Though the overhead can be rather minimal, it still exists:
- Connect to the database
- Query the Collection
- Make a request
- Close the connection
Also, these four separate request are asynchronous, which means you could end up with X web requests having connected to the DB but not having a collection, Y requests having a collection and N requests waiting to be closed.
This is not a real problem (as long as you don't have 4 servers connecting to the same Db with 65 thousand connections each :-) ) but having multiple CONCURRENT connections to the same server is pretty useless in a SINGLE-THREADED context like a Node.js app.
Now, if you were to use PHP, that's a different matter...
With that said, you shouldn't create a connection per request, you should use a connection pool.
You may be thinking you can fire up multiple request at the same time (ie: fire the requests, let the I/O do the job, get all your requests back) but since you are in a single-threaded environment, you do exactly the same as I/O on a single connection (plus the overhead of opening new sockets and establishing hands shaking with the server).
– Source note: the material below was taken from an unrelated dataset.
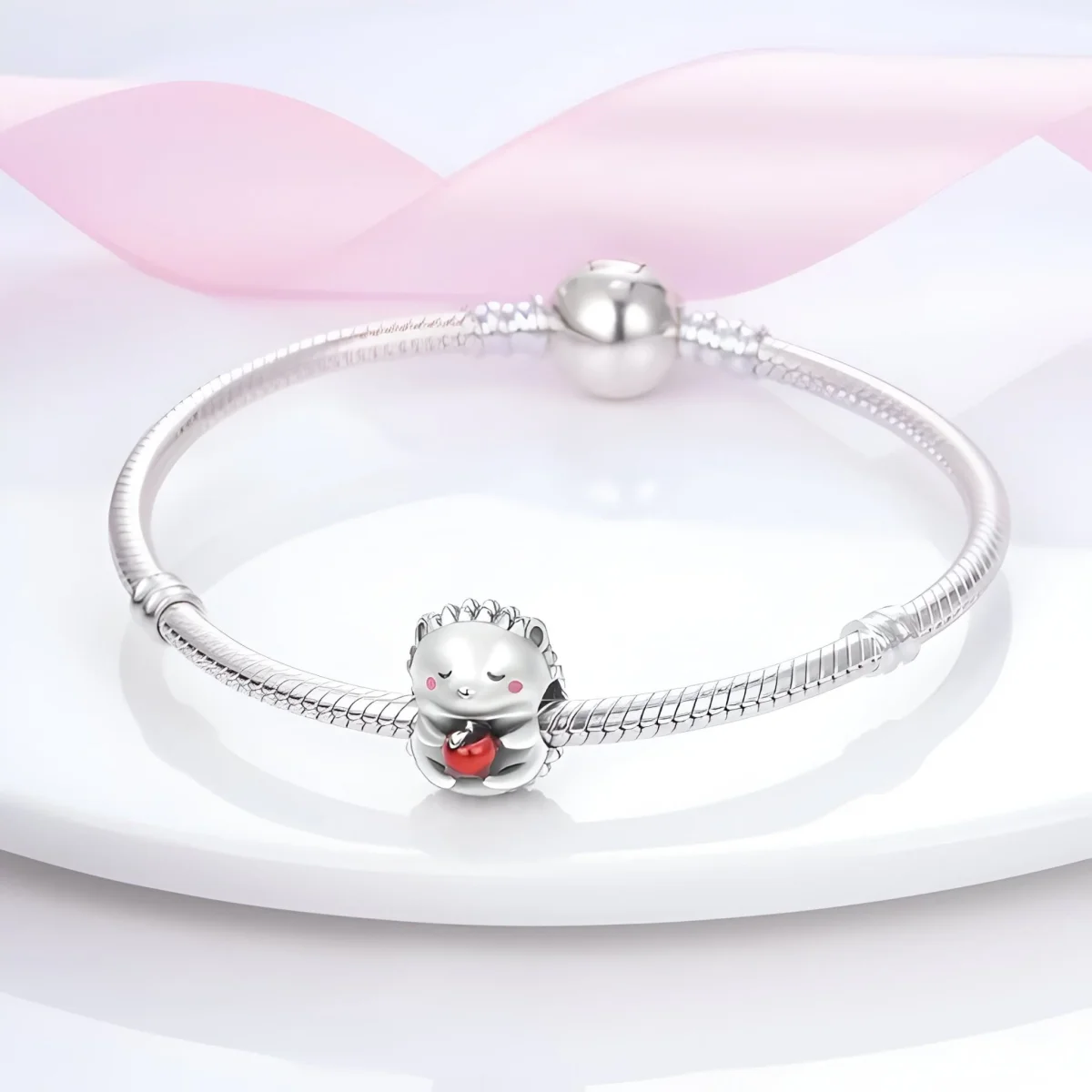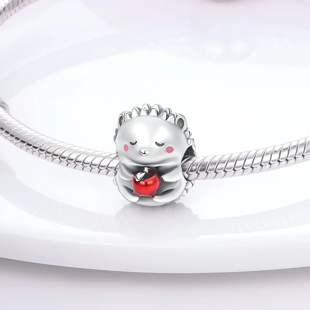 Le charm présente un hérisson au design exquis, capturé dans une pose attendrissante avec ses joues délicatement rosées et ses yeux fermés, évoquant la tranquillité et la sérénité. Entre ses petites pattes, le hérisson tient un cœur rouge vif, symbole d’amour et de tendresse, ajoutant une touche de couleur éclatante à l’ensemble.

And yes, that is exactly what I am thinking. More database connections = more concurrent database requests. I don't understand your reasoning about being in a single threaded environment. You made a statement but you haven't explained it.
From what I can see, this problem is simply serial vs parallel. Is there something I'm missing? I don't see how the fact that node.js is single threaded changes the situation since the database requests aren't working within the node.js context.
Edit: sorry, my previous reply may have been confusing. I was responding to your comment that having multiple connections is useless in a single-threaded environment. I was not suggesting that it may be helpful for the OP to make a new connection for each incoming http request.
In both cases, the same process of reading/writing to one or more connection sockets happen, you send and receive the same content to MongoDb: you can not send twice as much queries, you're gonna send a query, THEN you're gonna send another, then you get an answer THEN you get another answer. Everything happens in the same sequence.
Also take in account MongoDb's own concurrency properties.
The balance is between how big your pool is and how many messages are in flight. In the future this will change as MongoDB moves to some sort of eventloop or multiplexing of threads to sockets. But for the moment you have to strike a balance between operations in flight and how many sockets you open on the server.
Another thing to keep in mind is that the more socket connections you open on the mongodb server the more memory needs to allocated on the heap and the more contexts switches between threads will happen.
The "Attach each collection to your MongoDbSingleton as MongoDbSingleton[Collection]" trick was actually taken from Mongoose (which uses MongooseSingleton[Model] instead).
One big tip for mongoose is to use the .lean() function on your queries whenever you don't need to use any special mongoose features (statics, virtuals, etc), which returns a standard JS Object instead of a mongoose collection instance. It can be quite a bit faster!
What you do need is a state variable that indicates if the connection is uninitialized, loading, or ready. And if it is in the loading state you need to have a list of callbacks so that concurrent requests can be added to the list.
Also, I thought the 'official' mongodb library already does connection pooling, or is this something different? Just curious.